Moral, diplomatic and strategic reasons to stay

The "ramp" ceremony at Christchurch Airport for the bodies of Lance Corporals Pralli Durrer and...
The "ramp" ceremony at Christchurch Airport for the bodies of Lance Corporals Pralli Durrer and Rory Malone, killed in Afghanistan. Photo by the NZ Defence Force.
Robert G. Patman explains why New Zealand should not cut and run in Afghanistan.

Foreign policy decision-making is often about the act of choosing from imperfect policy alternatives.

The recent news that three New Zealand soldiers - Lance-corporal Jacinda Baker, Private Richard Harris and Corporal Luke Tamatea - had been killed by a Taliban roadside bomb in Bamiyan was a deeply shocking blow to this country.

The latest deaths followed in the wake of a Taliban ambush two weeks ago which killed Lance-corporals Pralli Durrer and Rory Malone.

Not surprisingly, this tragic loss of life has raised very real questions about the future direction of New Zealand's policy in Afghanistan.

It should be recalled New Zealand deployed an SAS unit and 140-strong NZDF Provincial Reconstruction Team (PRT) to Afghanistan in 2001 and 2003 respectively.

The SAS unit was withdrawn from Kabul in March and Prime Minister John Key decided after the recent NZDF deaths to accelerate the timetable for withdrawal of the NZDF contingent from the Bamiyan PRT to April 2013.

By most accounts, the performance of NZ PRT has been highly effective. Its primary goal has been in the area of reconstruction and capacity-building.

Between 2004 and 2010, the NZ PRT implemented 70 projects at a total value of $NZ8.5 million.

These projects embraced areas such as infrastructure, health, governance, education, human rights and agriculture.

In addition, the NZ PRT has contributed to the security of Bamiyam by providing local security training, including the training of an indigenous rapid reaction force, police training, and community-based armed patrols.

It should be added all governments in Wellington during the past decade have believed New Zealand involvement in Afghanistan served the national interests of this country.

Like the United States and many other members of the international community, including Australia, New Zealand recognised the need after September 11 to counter al Qaeda and Taliban-supported terrorism, and contribute to conditions in a post-Taliban state that would strengthen the economy, facilitate democratic governance and extend human rights.

New Zealand's commitment in Afghanistan also raised New Zealand's diplomatic profile and seemed to be consistent with a view in Wellington New Zealand stood to gain if it was seen as a "good international citizen" prepared to shoulder its share of the burden of collective security.

But after the deadly attack on New Zealand forces last weekend, a number of observers have challenged the rationale for New Zealand involvement and demanded the immediate withdrawal of the NZ PRT from Bamiyan.

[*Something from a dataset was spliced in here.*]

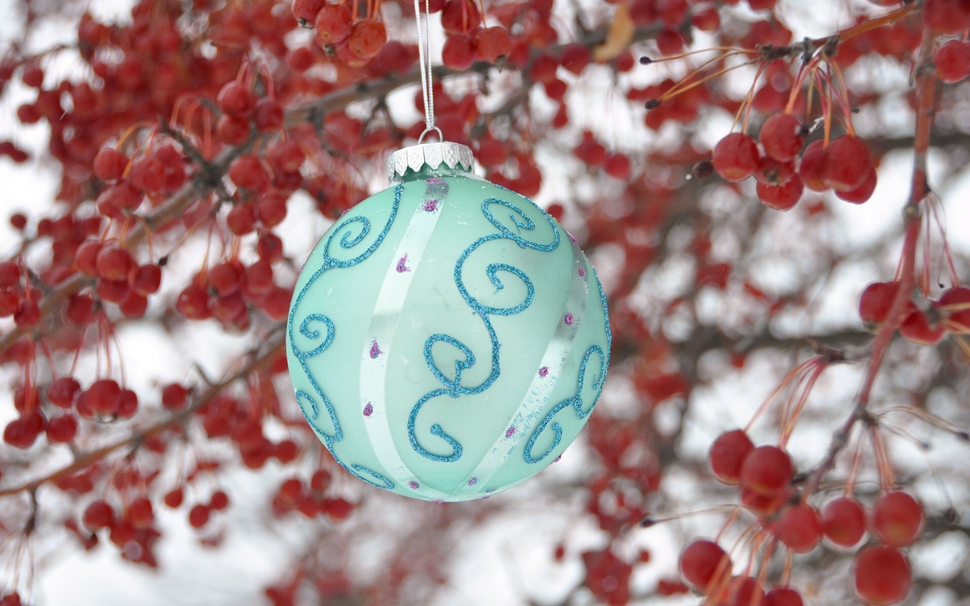 Árbol de navidad, bola turquesa sobre un fondo de bayas rojasÁrbol de Navidad, bola turquesa sobre un fondo de bayas rojas

Among other things, it is said that the war in Afghanistan is unwinnable, the NZDF should not be fighting other people's wars and that we are only in Afghanistan to please the US, and that New Zealand has no business trying to protect a deeply corrupt government in Kabul led by Hamid Karzai.

These points warrant careful examination.

First, it is apparent, at least since 2009, that the US and Nato no longer seriously entertain the prospect of a comprehensive victory over the Taliban. The priority for the Obama administration has been to marginalise the al Qaeda leadership and to degrade the Taliban to a point where they cannot use military force to seize power again in Kabul and reverse the social and political changes that have been in train since their demise in 2001.

Second, the idea the Afghan conflict is none of New Zealand's business is debatable. The reality is we live in an interconnected world where security, economic and environmental problems do not respect the boundaries of sovereign states. And, as a small but active global trader, New Zealand has a huge stake in countering threats to international stability whether they are in Afghanistan or elsewhere.

Third, it would be wrong to assume New Zealand or other members of the international coalition are in Afghanistan simply to protect Mr Karzai's corrupt leadership. Yes, he is widely regarded by coalition members as self-interested and weak, but he is not expected to contest the 2014 election, and therefore the focus is on trying to consolidate a transitional political system that is resilient enough to outlast Karzai's departure and face down the fundamentalist challenge of the Taliban after 2014. It should not be forgotten in this context few Afghan citizens are nostalgic for the Taliban era.

Thus, while it is clear there are major challenges ahead for the NZDF PRT between now and 2013, there also are moral, diplomatic and strategic reasons why New Zealand should stick to its international commitment and contribute as best it can to an orderly transition in Bamiyan.

Robert G. Patman is professor of international relations in the department of politics at the University of Otago.